Jacksonville Jaguars NFL players kneel before the national anthem before their game against the New York Jets on Oct. 1, 2017. Photo by REUTERS/Eduardo Munoz

In America, there’s a significant kind of public insistence that one’s “freedom” is fundamentally tied to one’s wealth.

Much of the country views America through an aspirational and transformative lens, a colorblind and bias-free utopia, wherein wealth conveys equality and acts as a panacea for social and racial ills. Once an individual achieves massive financial success, or so the message goes, he or she will “transcend” the scourge of economic and racial inequality, truly becoming “free.”

Working in parallel with this reverence for this colorblind version of the “American Dream” is the belief that economic privilege mandates patriotic gratitude.
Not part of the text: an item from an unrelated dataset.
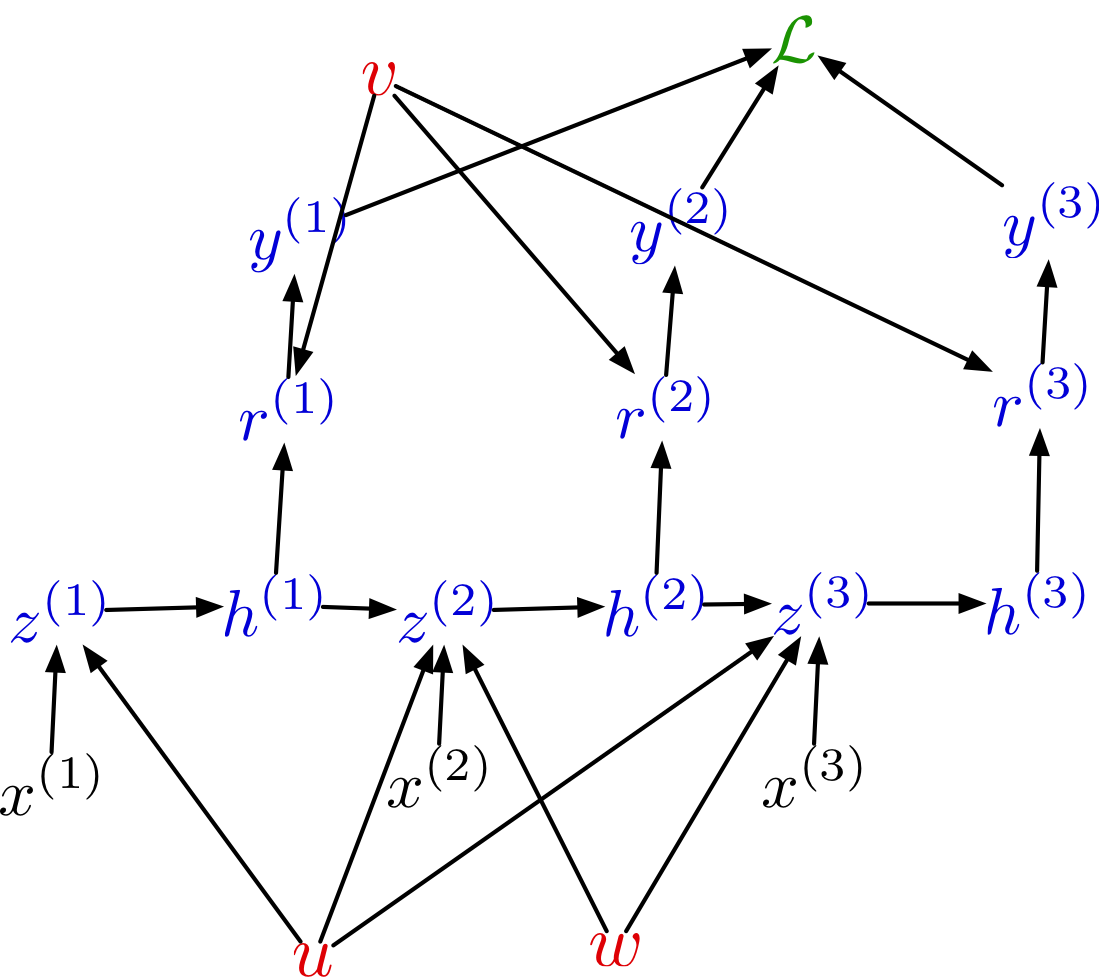 Activations: \[\begin{align*} \overline{\mathcal{L}} &= 1 \\ \overline{y^{(t)}} &= \overline{\mathcal{L}} \, \frac{\partial \mathcal{L}}{\partial y^{(t)}} \\ \overline{r^{(t)}} &= \overline{y^{(t)}} \, \phi^\prime(r^{(t)}) \\ {\color{magenta} \overline{h^{(t)}}} & {\color{magenta}\, = \overline{r^{(t)}} \, v + \overline{z^{(t+1)}} \, w} \\ \overline{z^{(t)}} &= \overline{h^{(t)}} \, \phi^\prime(z^{(t)}) \end{align*}\]

Across industries and disciplines, Americans are told to love their nation uncritically, be thankful that they are exceptional enough to live in a country that allows citizens the opportunity to reach astronomical heights of economic prosperity.

For the nation’s black citizens, there’s often an additional racialized presumption lurking under the surface of these concepts: the notion that black success and wealth demands public silence on systemic issues of inequality and oppression.

One’s economic privilege is a lousy barrier against discrimination and oppression.

These are durable and fragile ideologies that prop up the concept of the American Dream – durable because they are encoded in the very fabric of American culture (most Americans, including African Americans, have readily embraced these ideologies as assumed facts); yet fragile because it’s all too easy to see that one’s economic privilege is a lousy barrier against both individual and systemic discrimination and oppression.

Consequently, black people have also been among the most vocal challengers of these ideologies, as we’ve seen most recently with the Colin Kaepernick and the NFL #TakeAKnee demonstrations. In a show of solidary with the free agent quarterback, professional football players – the vast majority of whom are black – have been kneeling during the National Anthem as a means of protesting racial injustice and police brutality.

WATCH: NFL players team up in defiance and solidarity

Over the past few weeks, the president of the United States has brought renewed attention to the inherent tensions that define the ideologies of the “American Dream” through his repeated public criticisms of these kneeling NFL players.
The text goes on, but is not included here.